Incidentally, I think the military analysis is very helpful to understanding. I figured obsolescence would be different and expected that, but I didn't know the relative builds are lower, too. What I did notice on both epic and marathon is that shielding workers from getting killed and still layering on infrastructure while at war is harder. No more "build the road and then get covered by friendly units" because two and three turn roads have become 6 and 8. Also, 1 turn pillaging for 30 turns to improve scars ALOT more. Particularly when it is the marble I am using to build wonders.

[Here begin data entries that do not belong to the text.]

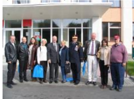
Sept 2004 Canadian Aid for Chernobyl delegation from Brockville

A World Health Organization collaboration centre on community safety promotion designation as a Safe Community was confirmed on Brockville as the first such designation in Ontario, second in Canada, fourth in North America, and 58 th globally.
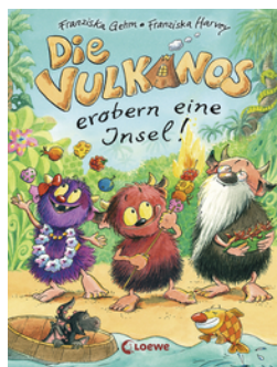
The Vulkanos Conquer an Island (Vol. 7)
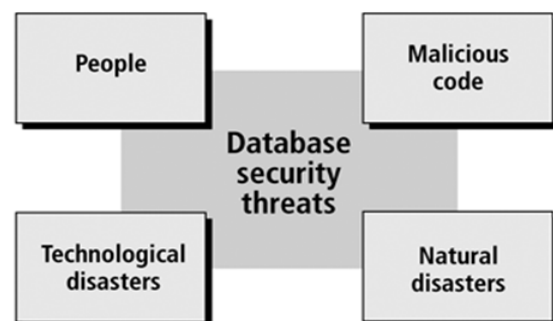
Figure 1: Threats of database security

The objective of database security is to protect database from accident or intentional los. These threats pose a risk on the integrity of the data and its reliability. Database security allows or refuses users from performing actions on the database.
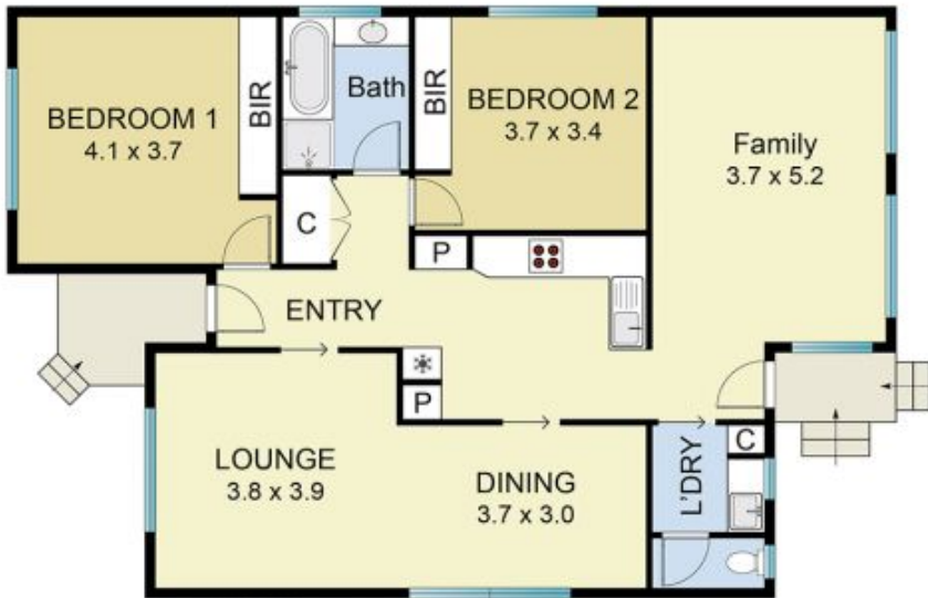
Internal 100m2 approx
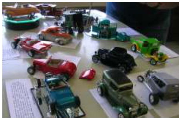
Commercial Vehicle Class winner below.
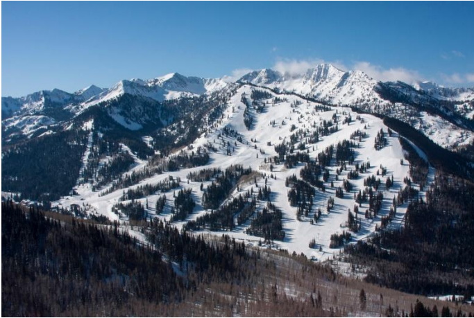
Solitude Mountain Resort

Alterra Mountain Company announced today that it will acquire Solitude Mountain Resort in Utah. Solitude will be the 13th ski resort purchased by the recently formed Alterra Mountain Co., and the 26th resort added to the company's Ikon Pass. Solitude will join a portfolio that includes Deer Valley , Mammoth Mountain , Steamboat , and others.
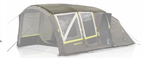
Pro TL V2 Roof Cover
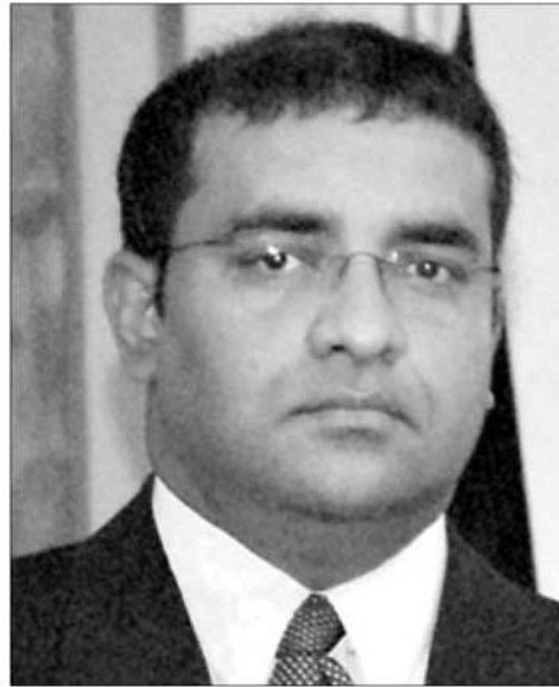
President of Guyana, Bharrat Jagdeo

ods and all types of shenanigans to obtain social services to which they are not entitled, increasing levels of crime, trafficking and exploitation of individuals for unlawful activities, increased opportunities for bribery and corruption of public officers, and the social antagonisms that can occur when some nationals feel threatened.
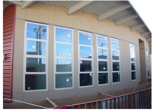
Radius Windows and Stucco Installation

On-going HVAC controls and start up activities. Units will be on in the library for building acclimation.
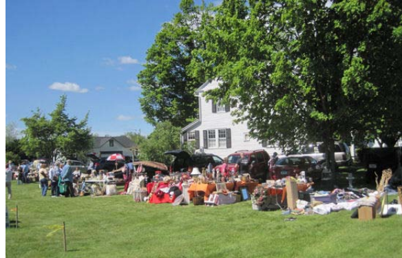
Flea Market 2010

On May 7, 2011 the historical society will hold a flea market on the Nellie McKnight Museum grounds from 9:00 a.m. to 2:00 p.m. The rain date is May 14. Spaces are 10' x 20' for a donation of $20 for non-members and $15 for members. Exhibitors of typical flea market/tag sale items are welcome. Craft and food exhibitors cannot be accepted.
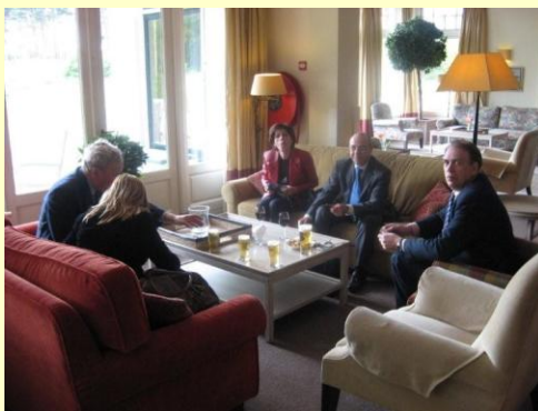
Meeting with Macedonian and Albanian Ambassadors at the Royal Golf Club
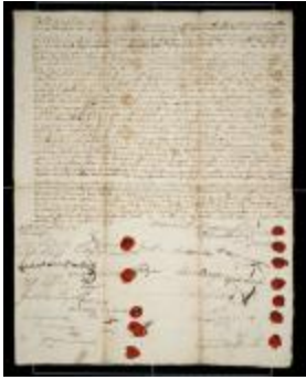
Indian deed to Lewis Morris and others for land south of the Mohawk river, September 6, 1722 (NYSA_A0272-78_V08_p190)
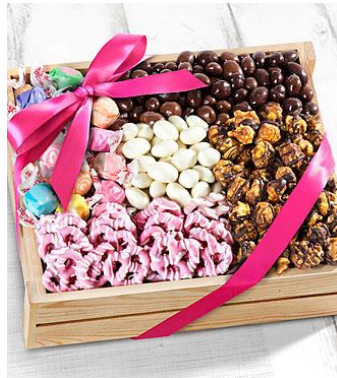
WGGF419 Mother's Day Sweets Gourmet Gift Basket
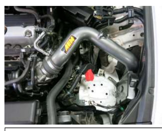
f. Install the intake tube by inserting the bracket to the nut/bolt combo from step 3d first, then into to the coupler. DO NOT TIGHTEN THE CLAMP AT THIS TIME.
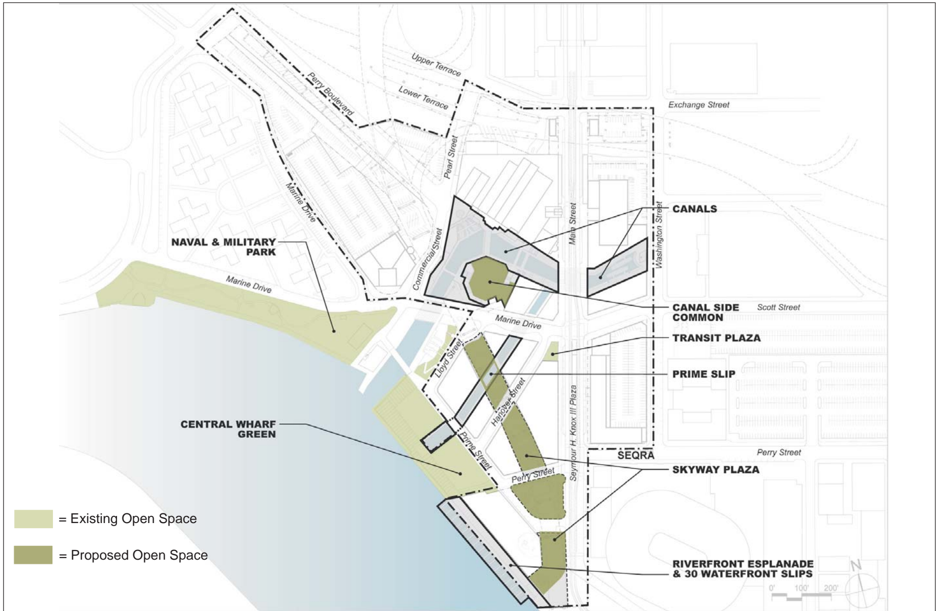
Canal Side Project Buffalo, New York
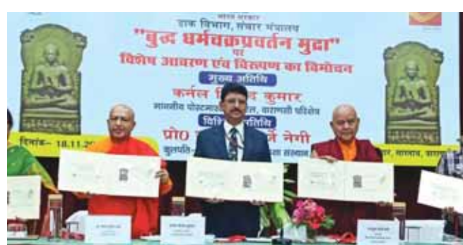
PMG Col Vinod Kumar releasing a special cover on Buddha at Central Institute of Higher Tibetan Studies Sarnath in Varanasi
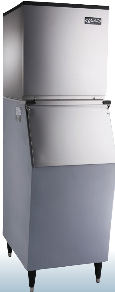
Ice maker shown on B322AP bin
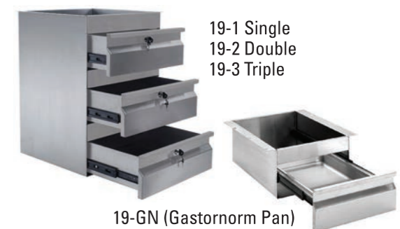
19-1 Single 19-2 Double 19-3 Triple
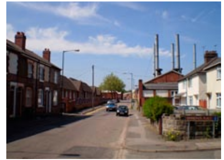
Station Street, mixed uses side by side
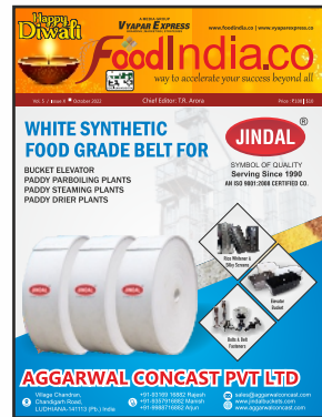
FOODINDIA.CO MONTHLY MAGAZINE
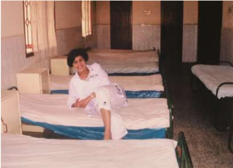
No sick child!
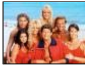
Where Are 'Baywatch' Stars Today?
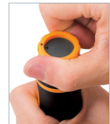
newly developed lock mechanism.

Via optional color caps differently set wrenches can be identified at a glance.
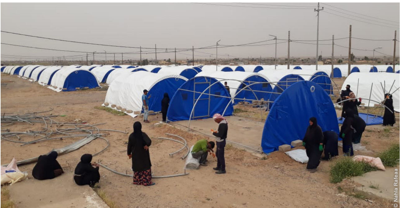
(Above) Women filling the bags with sand. (Below) Many of the participants also gained experience in the field of electrical repair and other technical works through the project.
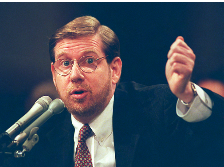
Former FDA Commissioner Dr. David Kessler

bleeding with two subsequent aspirations; convulsions reported as fainting; and expulsion which was actually a surgical evacuation; bleeding, nausea and contractions, or bleeding and pelvic pain.” 24 The FDA admonished the French investigator but still accepted the data. Worse yet, the FDA did not tell the members of the Advisory Committee that the quality of the data was suspect and rule violations had been found.
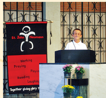
St. John Neumann, Irondequoit
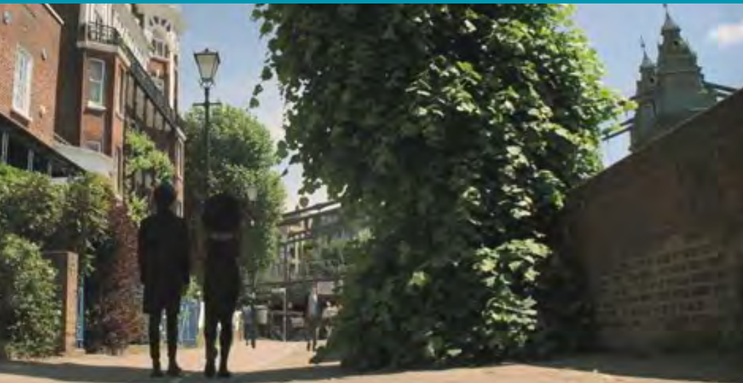
The Sandman on Lower Mall

Transport for London offer guidance on which roads fall under their jurisdiction Filming & photography on the roads - Filming & photography on the roads - Transport for London (tfl.gov.uk) Filming & photography on buses - Transport for London (tfl.gov.uk)
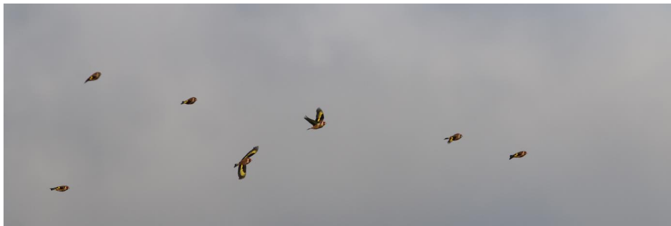
Goldfinch migrating, the Wick 2021.

Migrants started to arrive during July with 10 on 8 th being the first sign of movement. The highest count of the month was 20 on both the 12 th and the 27 th July. Between one and 20 were recorded on most days in the autumn, with counts above this as follows: 29 on 23 rd and 22 on 29 th August, 25 on 6 th , 149 on 10 th , 22 on 11 th and 38 on 13 th October and 21 on 10 th and 11 th November. The final sighting of the year was one bird on 17 th November.

I didn't know that game speeds other than quick and normal were preferences of anyone, and I admit that 80% of my games are normal with the remaining mostly filled up with quick. I get what you mean about the military decisions being more... urgent. The AI definitely seems more intent on military build-up at normal speed and I'm not sure if they get free unit upgrades at noble, but that deterrence to obsolescence (I don't have to pay to upgrade or waste turns building new military) is definitely the biggest felt advantage in a marathon game. Everything else may just seem like a stretched out civ game, but the AI not being able to breathe down your neck with the threat of an unanswerable DoW is definitely a reason that I might switch to Marathon for my weekend play run.

I think I am going to up the size before I up the difficulty. I think that the reduced diplomatic stresses and the map competition to spread religion is probably much easier in marathon because its a small map. Moving to Standard on my next Marathon game.
 
Settling on the gold typically wouldn't be as beneficial as settling near it and mining it - you lose out on a massive commerce bonus. If you had flood plains, you could farm 2 flood plains and work two gold hills at size 4 and still grow. If there's a food resource, even better, cottage those flood plains to keep growing and keep the commerce coming in.